PROBLEM DETAILS –
Restate the listing below exactly, images excluded.

DATASET SECTION –
+===+

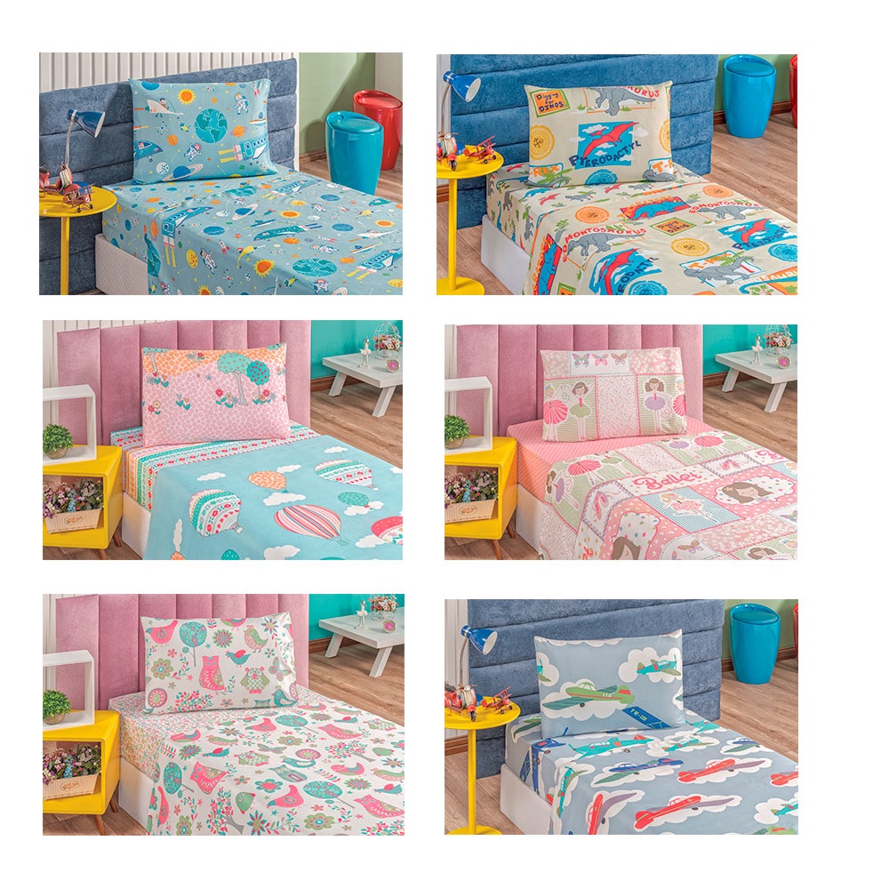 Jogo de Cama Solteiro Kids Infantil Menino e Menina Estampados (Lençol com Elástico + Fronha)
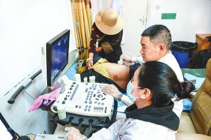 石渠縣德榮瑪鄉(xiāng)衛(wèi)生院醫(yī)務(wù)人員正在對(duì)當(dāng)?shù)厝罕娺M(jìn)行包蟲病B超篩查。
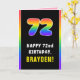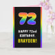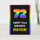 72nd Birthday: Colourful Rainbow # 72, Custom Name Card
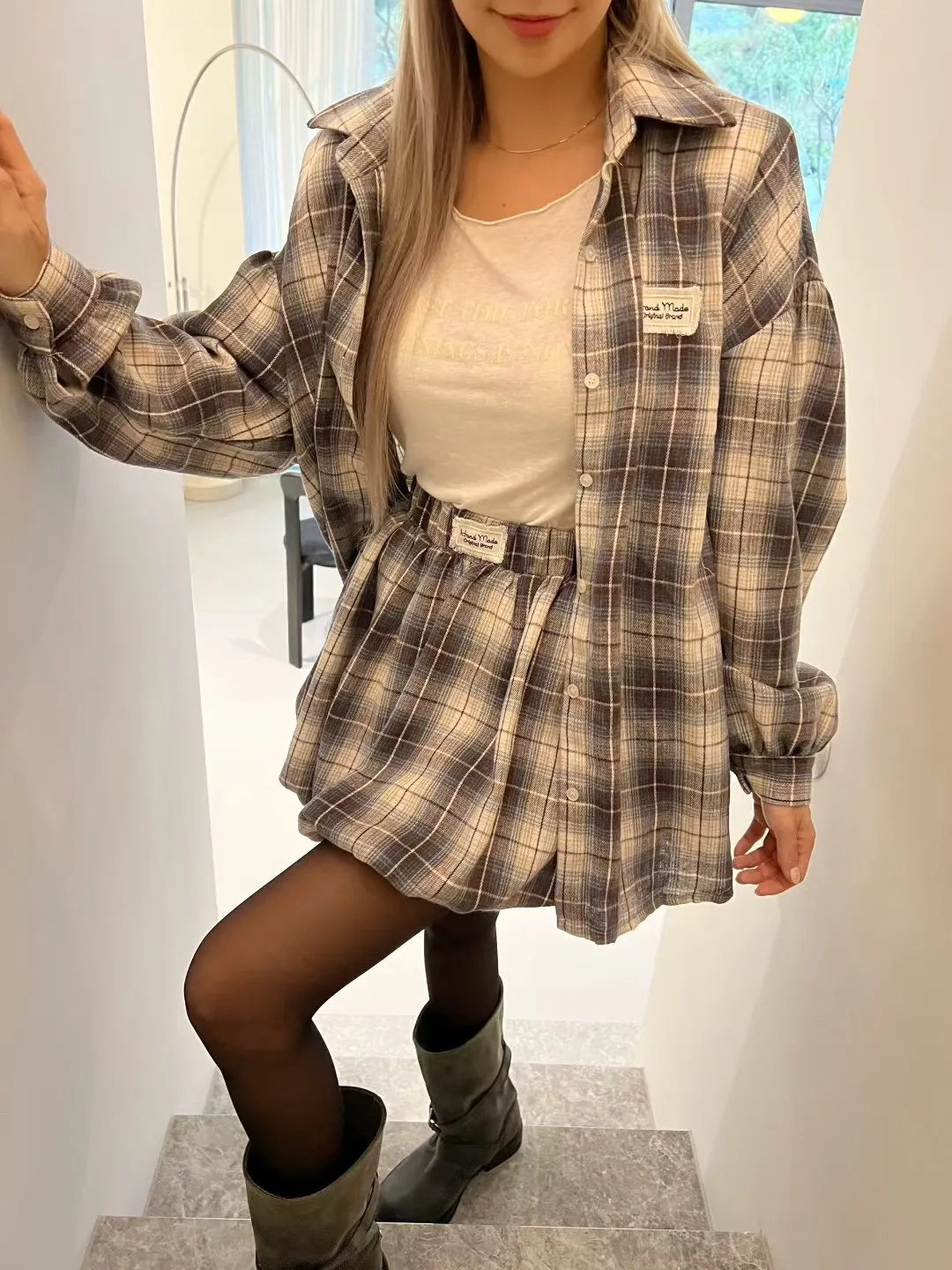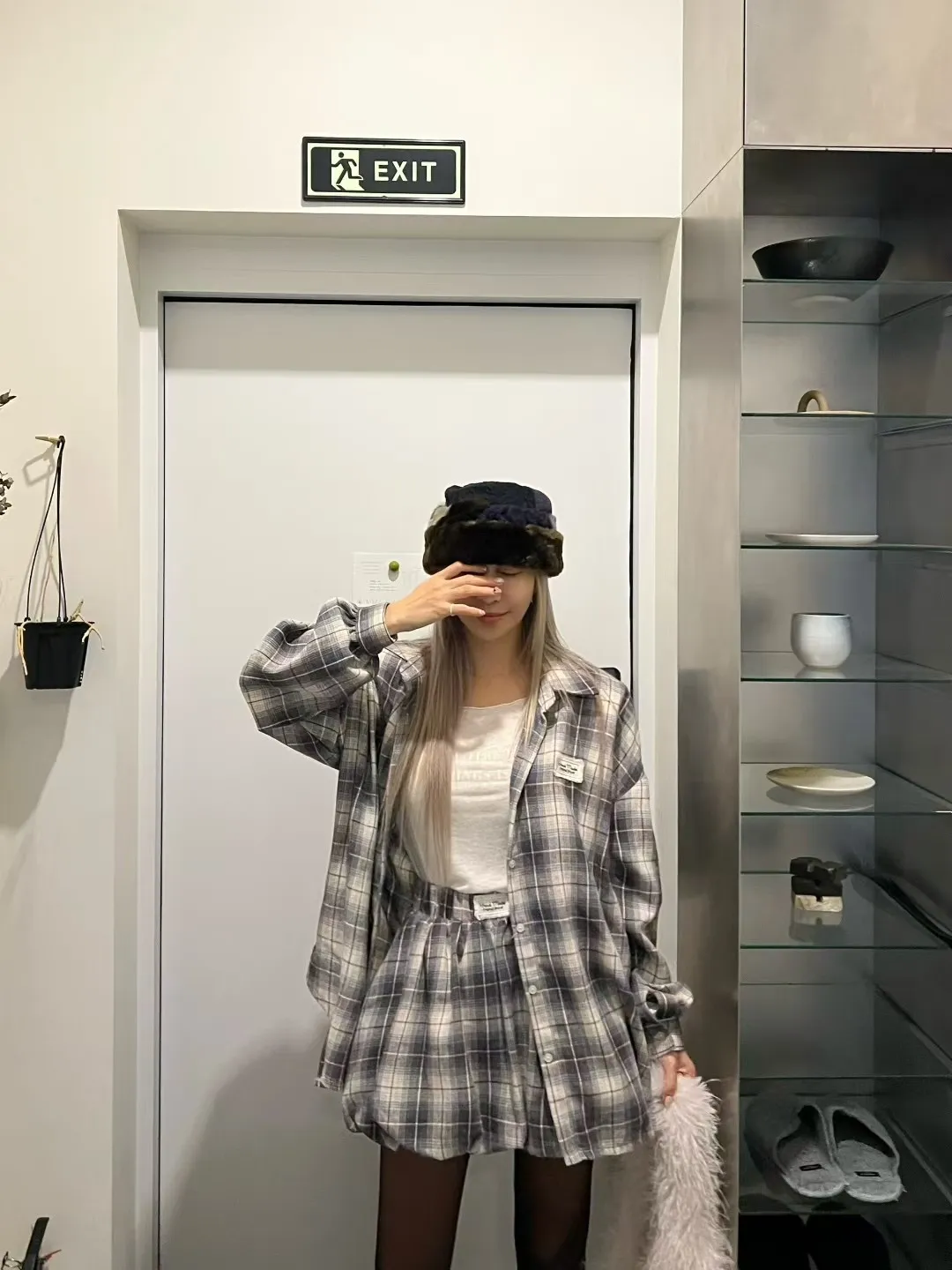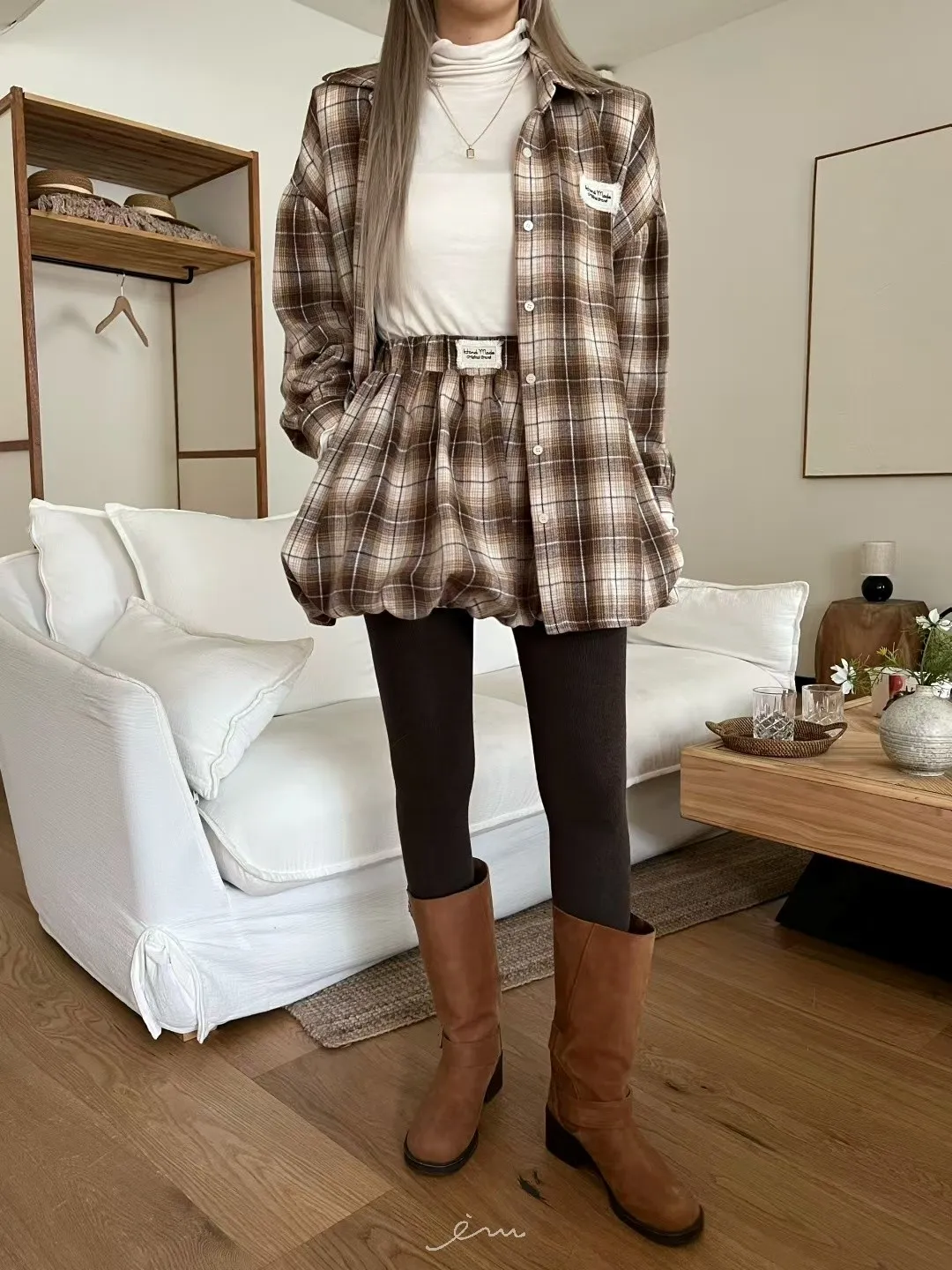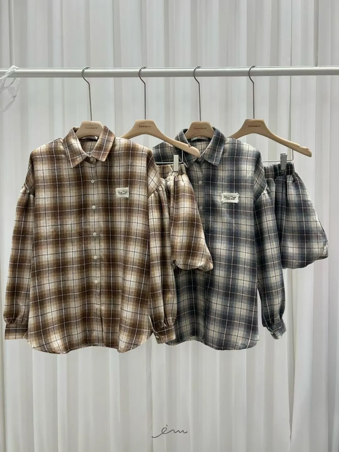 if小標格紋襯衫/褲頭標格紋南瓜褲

+===+

REPLY –
 Jogo de Cama Solteiro Kids Infantil Menino e Menina Estampados (Lençol com Elástico + Fronha)
 石渠縣德榮瑪鄉(xiāng)衛(wèi)生院醫(yī)務(wù)人員正在對(duì)當(dāng)?shù)厝罕娺M(jìn)行包蟲病B超篩查。
 72nd Birthday: Colourful Rainbow # 72, Custom Name Card
 if小標格紋襯衫/褲頭標格紋南瓜褲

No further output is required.